Both approaches have advantages and disadvantages over the other in terms of controlling for spatial heterogeneity. The more traditional panel approaches are sensitive to diverging regional employment trends that are independent of the minimum wage but correlated with the minimum-wage bite. For example, to the extent that regions with a lower wage level—and thus a higher bite—show structurally lower employment growth rates than regions that are characterized by higher wages, this difference in employment growth would be incorrectly attributed to the minimum wage. In contrast, the case study approach of comparing a panel of neighbouring regions naturally reduces spatial heterogeneity, but the entire identification strategy rests on the assumption that the minimum wage in the treatment region does not influence employment in the control region. Given the regional proximity, the assumption that no regional spillover effects exist is not necessarily plausible.

We recognize that the presence of spatial autocorrelation may bias estimates of the minimum-wage effects when we employ a regional identification strategy. Even in the more developed US literature, spatial spillovers have often been ignored (as exceptions, see Kalenkoski and Lacombe 2013; Dolton et al. 2015). We therefore include specifications that explicitly take spatial autocorrelation into account by estimating the effect of the bite of neighbouring districts.

Studying the minimum wage in Germany’s main construction sector provides an interesting complement to the international literature on minimum wages for a number of reasons. First, it was introduced at 8.00€ in East Germany—corresponding to 84% of the median hourly wage of construction workers—and 8.70€ in West Germany—still amounting to 64% of the median hourly wage. In contrast, the US federal minimum wage, currently set at $7.25 per hour, is a mere 42% of the median hourly wage of all occupations in 2015 (Bureau of Labor Statistics 2015). These high nominal minimum wages translated into a high bite, especially in East Germany. Averaged across all districts, almost 22% of construction workers earned less than the minimum wage prior to its introduction. Despite the higher nominal minimum wage in West Germany, its real intensity was much lower, as the average bite of roughly 4% shows. This can be explained by the higher coverage rate of collective bargaining agreements in West compared to East Germany. The behaviour of the labour market in response to a slight change in the minimum wage may not necessarily be similar to how it will react to a significant and sustained increase in the wage floor. Therefore, our results contribute to the discussion on the effects of strongly binding minimum wages.

Second, the vast majority of studies focuses on low-wage sectors or youth employment. Obviously, the minimum wage is expected to have the biggest effect in these labour-market segments, but the price of this focus is that much less is known about the consequences for prime-aged, male, full-time employment, which is often decisive for household income.
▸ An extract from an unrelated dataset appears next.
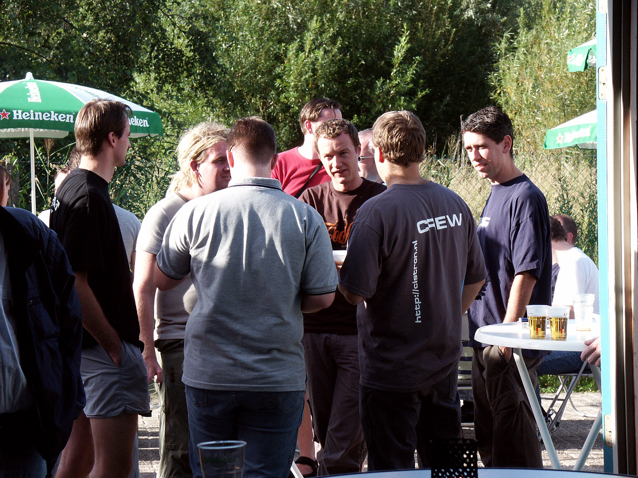Het idee schemerde natuurlijk al wat in augustus; Op deze foto zien we van links naar rechts: Ruben “Tjoeketjoeketjoek?” Raijer, Marcoh (demon), Niels Raijer (ex-demon), Erik Bos (xs4all), Danny ter Haar (cistron) en Cor Bosman (xs4all), die overigens geen bier drinkt, ook al lijkt dat hier wel zo.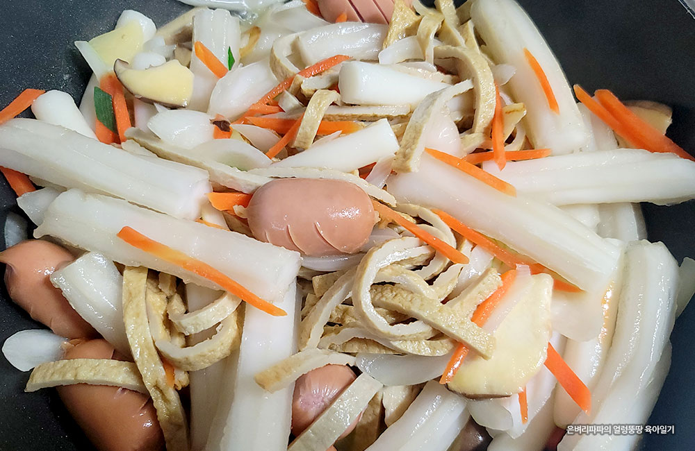 어묵은 국수가락처럼 길게 썰어 준비했어요.

We close this gap by studying minimum-wage effects for the main construction sector, which makes up a significant fraction of the German economy. At the time the wage floor was set, it was employing about 1.3 million workers, making it the largest German industry where sectoral minimum wages apply until today (Bachmann et al. 2015). As of 2016, its share of Germany’s GDP of almost 5% is substantial.

Third, main construction has two further properties that make minimum-wage research on this industry especially worthwhile. Following reunification, the East German construction sector experienced a strong boom until the mid-1990s. After the first wave of public investments subsided, an economic contraction hit that coincided with the minimum-wage introduction. Specifically, nominal gross value added (in billion €) dropped from 113.0 in 1995 to 99.2 in 1998 (IAB, RWI and ISG 2011). Figure 1 shows the labour-market development for two sub-sectors of the construction industry: main construction and finishing trades. Both sub-sectors are clearly affected by the recession, while the minimum wage was only introduced in main construction. We will use this fact to separate the treatment effect we are interested in from the general economic development (Sect. 3). While posing a challenge for identification of the minimum-wage effect, the recessionary environment does have the advantage of estimating lower bounds of any disemployment effect (Dolton and Bondibene 2012; Clemens and Wither 2014).

Fig. 1

Source: Authors’ calculations based on the IEB

Employment in main construction and finishing trades. Note: The employment level in both industries is indexed with 1996 as the base year. The minimum-wage introduction took place in 1997

Our findings are summarized as follows. First, we conclude that the new wage floor had a negligible impact on wage growth in West Germany since wages were relatively high to begin with and the percentage of directly affected workers was therefore very small. In East Germany, however, where wages in the construction sector were considerably lower, the new minimum wage led to a significant increase in the wage growth rate. In this case, an increase by one standard deviation of the share of affected workers is associated with an increase in the growth rate of average wages by roughly 0.8 percentage points. Second, while we do not find any employment effect in West Germany, the effect on East German employment is consistently negative, but statistically insignificant at conventional levels in our preferred specifications. However, these estimates likely represent an upper bound of the true treatment effect and we are able to show that estimates representing a lower bound are clearly negative and of high economic and statistical significance.¹ We conclude that an increase by one standard deviation of the share of affected workers is associated with a reduction in the employment growth rate by a little more than one percentage point in East Germany. Third, we provide evidence that spatial spillover effects are not driving factors in this instance.

2 Institutional setting

Prior to the introduction of the statutory minimum wage in 2015, minimum wages in Germany were special in the sense that they were exclusively set via collective bargaining between employees’ unions and employers’ associations at the industry level. Today, these sectoral minimum wages still exist and complement the federal minimum wage. They arise when collective bargaining agreements (CBAs) are declared to be universally binding by the Federal Ministry of Labour and Social Affairs (BMAS). Once that occurs, the wage floor applies to all workers in that particular industry, irrespective of whether they belong to the bargaining workers’ union.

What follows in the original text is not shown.